Robinho no Real Madrid: desempenho satisfatório, mas abaixo do esperado.

Um dos argumentos utilizados por Luis Álvaro Ribeiro para convencer Neymar a seguir no Santos é a idade do jogador, que terá apenas 22 anos em 2014 e ainda terá muito tempo pela frente para buscar outros objetivos no futebol europeu. Além disso, o presidente santista afirma que a permanência de Neymar é um bem para o esporte brasileiro, pois é uma demonstração de força diante dos milhões de euros oferecidos pelos espanhóis e, mais do que isso, valoriza o esporte nacional.

Por outro lado, é legítimo pensarmos que um hipotético prêmio de melhor do mundo para Neymar atuando no Barcelona ou no Real Madrid também ajudaria a valorizar o futebol brasileiro. Isso se torna ainda mais importante em uma fase de poucos craques indiscutíveis criados em gramados tupiniquins.
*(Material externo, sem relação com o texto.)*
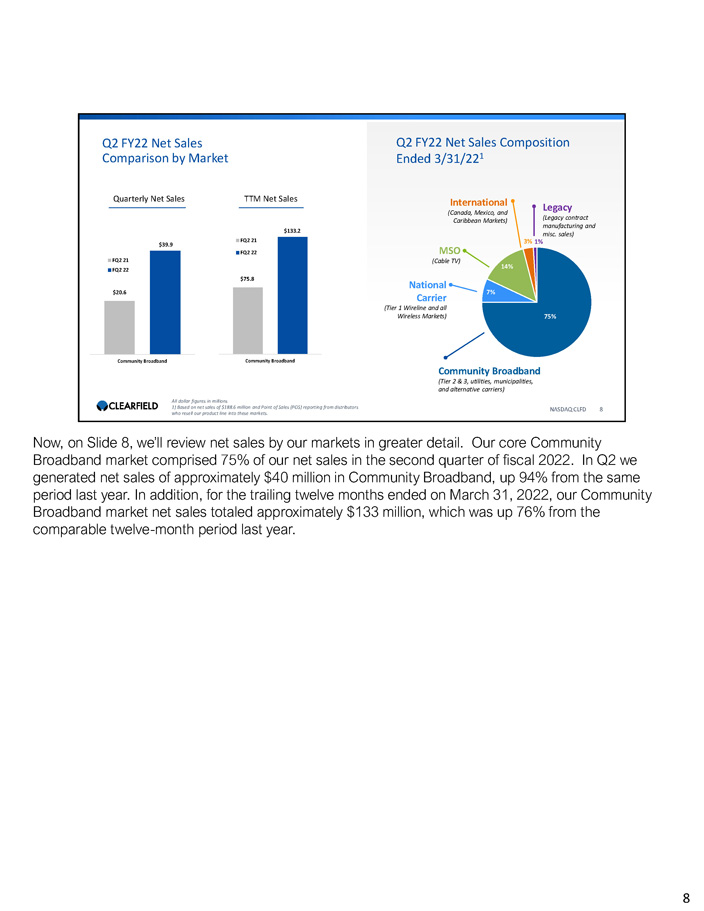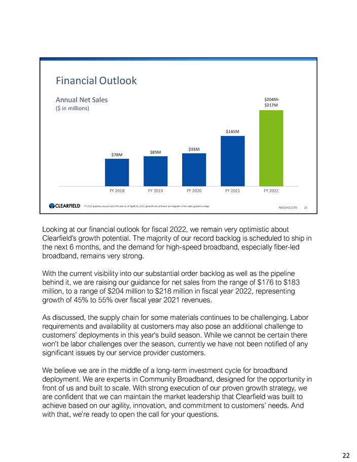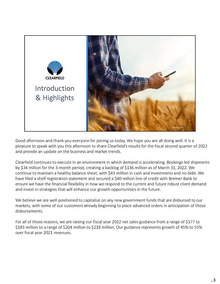 NASDAQ:CLFD 3 Introduction & Highlights Good afternoon and thank you everyone for joining us today. We hope you are all doing well. It is a pleasure to speak with you this afternoon to share Clearfield’s results for the fiscal second quarter of 2022 and provide an update on the business and market trends. Clearfield continues to execute in an environment in which demand is accelerating. Bookings led shipments by $34 million for the 3 - month period, creating a backlog of $136 million as of March 31, 2022. We continue to maintain a healthy balance sheet, with $43 million in cash and investments and no debt. We have filed a shelf registration statement and secured a $40 million line of credit with Bremer Bank to ensure we have the financial flexibility in how we respond to the current and future robust client demand and invest in strategies that will enhance our growth opportunities in the future. We believe we are well - positioned to capitalize on any new government funds that are disbursed to our markets, with some of our customers already beginning to place advanced orders in anticipation of those disbursements. For all of those reasons, we are raising our fiscal year 2022 net sales guidance from a range of $177 to $183 million to a range of $204 million to $218 million. Our guidance represents growth of 45% to 55% over fiscal year 2021 revenues. ..3

Os europeus já não estão convencidos de que o Brasil continua produzindo craques como Romário, Ronaldo e Ronaldinho.

É claro que Neymar teria de se esforçar muito para ser o melhor jogador do mundo, mesmo se atuasse na Espanha. A concorrência atual é pesada, com Messi e Cristiano Ronaldo quebrando recordes semanalmente. No entanto, jogar com os melhores é o caminho mais curto para se tornar o melhor.

Até agora, Messi e Neymar só se encontraram uma vez, no amistoso entre Brasil e Argentina. Em dezembro, os dois craques voltam a se enfrentar, mas com as camisas de seus clubes.

Uma chance de ouro 

Se o argumento de se tornar o melhor jogador do mundo não parece seduzir Neymar, o jogador pode não ter se dado conta de que está abrindo mão de uma oportunidade de ouro, que pode não aparecer novamente. O jovem de 19 anos teve a chance de fazer parte de um dos melhores times da história do futebol, o Barcelona de Messi, Iniesta, Xavi, Guardiola e tantos outros. Já é praticamente consenso entre os amantes de futebol que a equipe catalã, moldada na temporada 2008-09, atingiu um nível excepcional, que a coloca entre os grandes times da história.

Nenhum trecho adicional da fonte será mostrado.